New assistant police chief has strong roots in Grandview
Assistant Police Chief Kal Fuller
January 11, 2013
GRANDVIEW - Newly named Assistant Police Chief Kal Fuller has been an officer in Grandview for about 23 years and graduated from Prosser High School.
He replaces Mark Ware, who is retiring at the end of January.
"I guess you could say I'm a native," Fuller said. "I've lived in and around Grandview my whole life."
Fuller did live away from the area for a short time when he first got into law enforcement. His first job took him to Western Washington for a little longer than a year.
"When I saw an opening in Grandview I went for it," he said. "And that brought me home."
In Grandview Fuller has been a patrol officer, a sergeant for 15 years, has served as a detective and has been on the SWAT team for about two years.
Fuller's main goal as assistant police chief is to continue the high quality of service the agency provides for residents.
"Grandview has a very stable administration and police department," he said. "I don't believe you should change things without a good reason. We will tweak it as needed, but no dramatic changes."
He pointed out that he's replacing a man with more than 30 years experience.
"That's hard-earned experience, the kind you don't get without being involved and out on the street," Fuller said of Ware.
Police Chief Dave Charvet will also be retiring soon, another officer Fuller described as having more than 30 years of hard-earned experience.
"That makes it more important to keep the ship steady," he said.
Fuller also stressed the importance of training for police departments.
"Training is the lifeblood of an agency," he said. "You have to stay current on everything from the law to best practices so you don't get left behind."
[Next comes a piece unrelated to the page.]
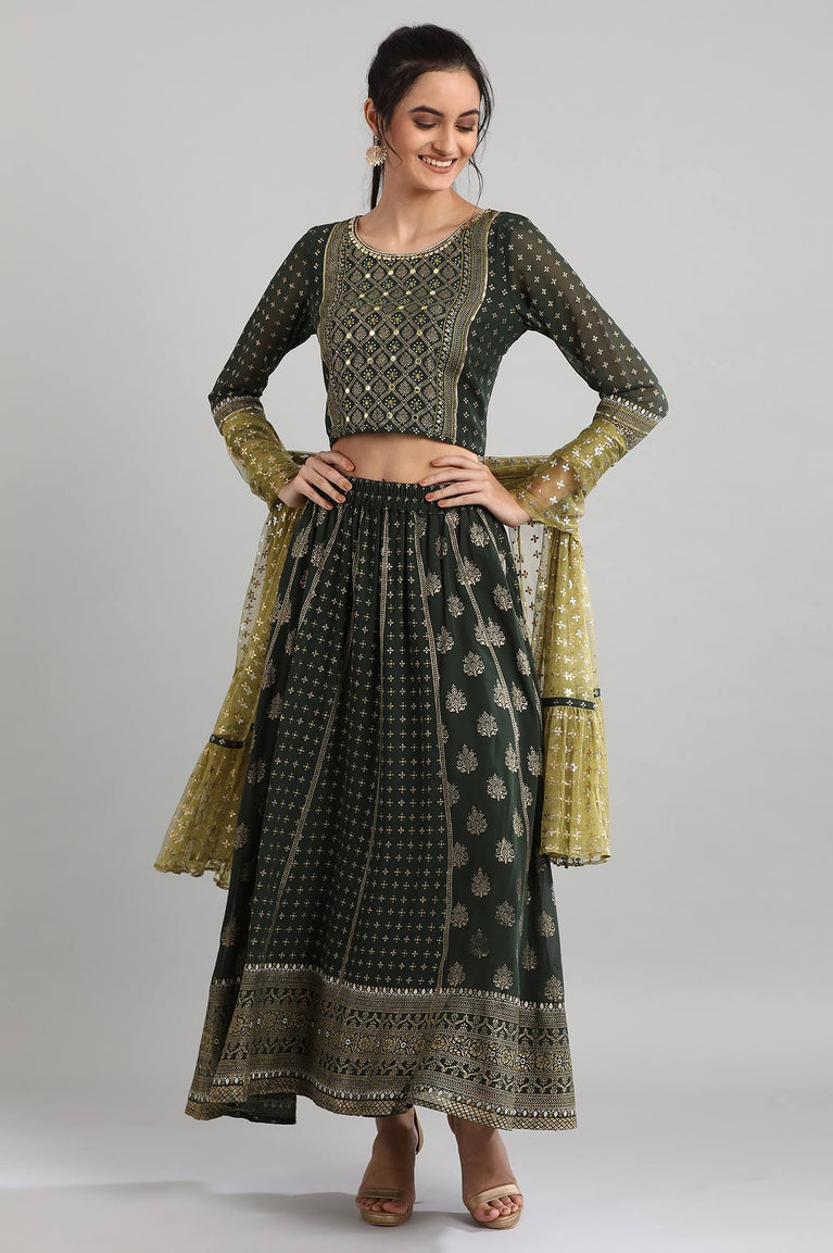 This ethnic set has a black round neck 3/4 sleeve crop top with printed and mirror detail, a black flared skirt with printed, embellished and mirror detail and a green embellished dupatta.

Referring to the recent school shooting in Connecticut, Fuller said local agencies have been training for such events for years, and are ahead of most of the country in keeping training current.
"Everybody in Yakima County is trained in dealing with an active shooting," he said. "Some departments put it off, keep it a lower priority. We haven't. We're small, but that doesn't mean it will never happen here."